The Update Protocol for Maintenance of Annotations

This document describes the update protocol used to maintain annotations within the SEED Project.

There are now two SEEDs used as components of the maintenance process:

  1. The Annotators SEED (A-SEED) remains the SEED used to support manual curations, which are largely cast as creation and maintenance of subsystems.
  2. The PATRIC-SEED (P-SEED)  contains all of the complete prokaryotic genomes from RefSeq, as well as all of the complete genomes from the A-SEED. 

The need for two distinct SEEDs arises because the A-SEED represents a much more productive framework for manually constructing subsystems.  There the annotators are not faced with hundreds of almost identical genomes or with genomes of very low quality.  The A-SEED is intended to contain representative genomes of high quality.  On the other hand, construction of "pan-genomes" or development of assertions of the form "gene X and gene Y play identical functions" are best done in a more comprehensive collection of genomes.

The need to utilize two versions of the SEED necessarily leads to a somewhat more complex update protocol.  The steps in the current protocol are now discussed.  For purposes of this discussion, we will reference FIGfam collections used for a variety of purposes.  The version of the FIGfams corresponding to the current A-SEED will be called A-FIGfams.  A-FIGfams contain proteins from only genomes present in the A-SEED.  The current version of the FIGfams used in the P-SEED will be called P-FIGfams, and these will contain proteins from genomes in the P-SEED.

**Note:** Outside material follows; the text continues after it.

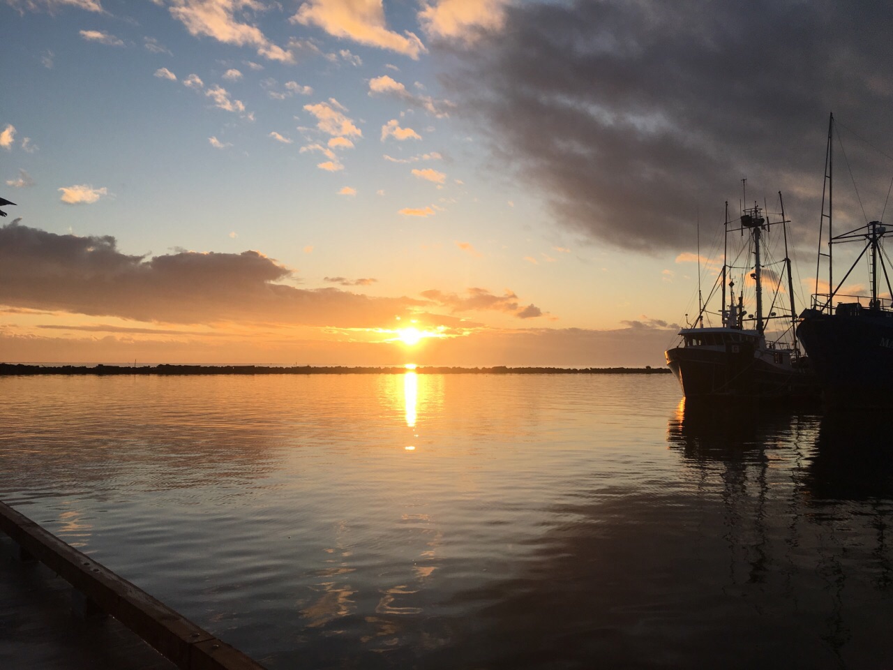 黄昏的渔人码头,美到爆炸!因为是冬天游人稀少,只有一艘渔船上有海鲜卖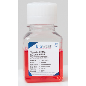 L0391-100, Trypsin 0.25% - EDTA in HBSS w/o Calcium w/o Magnesium w/ Phenol Red - 100ml

Each SEED maintains a set of representative complete genomes.  These representatives are thought of as members of Operational Taxonomic Units (OTUs).  An OTU contains genomes that are "very similar" (technically, we group genomes that have SSU rRNAs that are at least 97% identical).   The set of similar genomes constitutes the OTU, and the representative genome name is used as the "name" of the OTU.  It should be noted that OTUs must be maintained for each copy of the SEED.  The protocol implemented in the steps below assumes that the OTUs are current.  If currency is not ensured by the protocol for adding genomes, then it is important to update OTUs in both SEEDs before proceeding. 

Similarly, this protocol assumes that the flow of genomes into the P-SEED has been successful.   It is critical that the flow of genomes into the PSEED include all complete prokaryotic genomes maintained in GenBank.

To understand the following protocol, you must be familiar with our use of Kmers to annotate genomes.  For the purposes of this discussion, the Kmers are 8-character sequences in the amino acid alphabet.  We maintain a collection of signature Kmers, which are Kmers that have been detected only in protein sequences that have a common function (i.e.,  the only known proteins containing the Kmer all have been assigned the same function).   Thus, when we detect an instant of one of the signature Kmers in a new protein sequence, it is evidence of function.  If we detect a large number (usually, more than 3), it becomes very likely that we can say that the protein probably shares the same function as the protein sequences from which the Kmer was derived.   Currently, we derive signature Kmers for each of the FIGfam protein families.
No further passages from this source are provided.